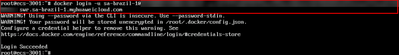 Access the machine that has the container image locally that will run in FunctionGraph and paste the command copied in item 2.0 of this document, related to Docker authentication with the HWC SWR service.
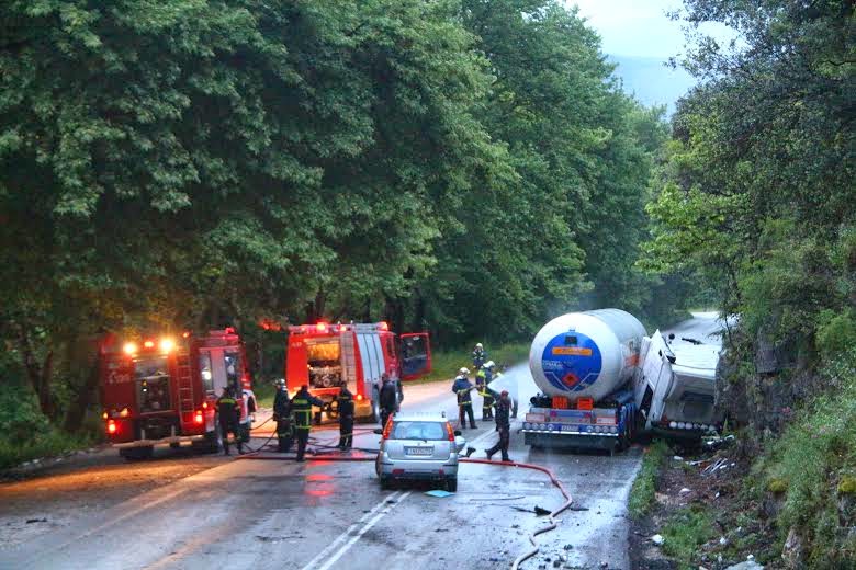Οδηγός βυτιοφόρου διανομής υγραερίου, έχασε τον έλεγχο του οχήματος εξ αιτίας της ολισθηρότητας του οδοστρώματος στην Εθνική Οδό Ιωαννίνων – Άρτας, με αποτέλεσμα να συγκρουστεί αρχικά με Ι.Χ. αυτοκίνητο και στη συνέχεια, να πέσει πάνω σε βράχια.
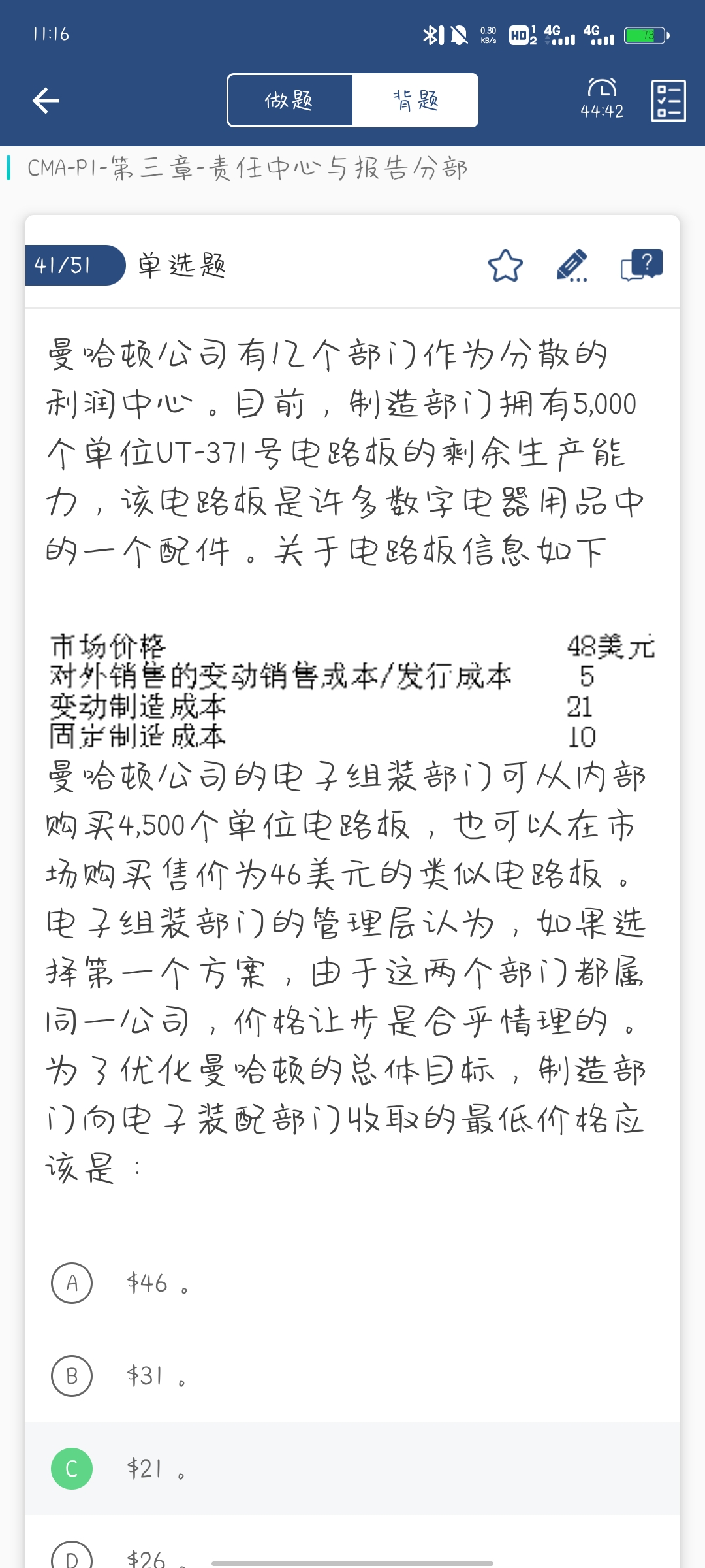同学你好,因为制造部门拥有5,000个单位UT-371号电路板的剩余生产能力,而电子组装部门需要购买4,500个单位电路板,所以内部生产是最划算的。所以这个转移定价大于变动成本就行,即最低为变动制造成本21元。因为是一个公司不同部门之间的物品转移,所以不需要考虑对外销售的变动成本。对外销售的变动成本在面对市场销售的时候需要考虑。
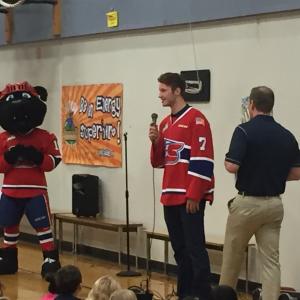Building on years of success, Avista has partnered with the Spokane Chiefs Hockey Club for the Avista Heroes at School program. Recently, Avista was at Stevens Elementary in Spokane with the Spokane Chiefs Hockey Club, where they discussed goal setting and achievement with the students. Avista donates 200 hockey game tickets to school administration who can use them to reward students who achieve their goals.

- - -

Look above for the line containing "Οδηγός βυτιοφόρου διανομής", then write out every line from there down to the line containing "同学你好,因为制造部门拥有5", that line included, with no pictures.

◆ Written answer
Οδηγός βυτιοφόρου διανομής υγραερίου, έχασε τον έλεγχο του οχήματος εξ αιτίας της ολισθηρότητας του οδοστρώματος στην Εθνική Οδό Ιωαννίνων – Άρτας, με αποτέλεσμα να συγκρουστεί αρχικά με Ι.Χ. αυτοκίνητο και στη συνέχεια, να πέσει πάνω σε βράχια.
同学你好,因为制造部门拥有5,000个单位UT-371号电路板的剩余生产能力,而电子组装部门需要购买4,500个单位电路板,所以内部生产是最划算的。所以这个转移定价大于变动成本就行,即最低为变动制造成本21元。因为是一个公司不同部门之间的物品转移,所以不需要考虑对外销售的变动成本。对外销售的变动成本在面对市场销售的时候需要考虑。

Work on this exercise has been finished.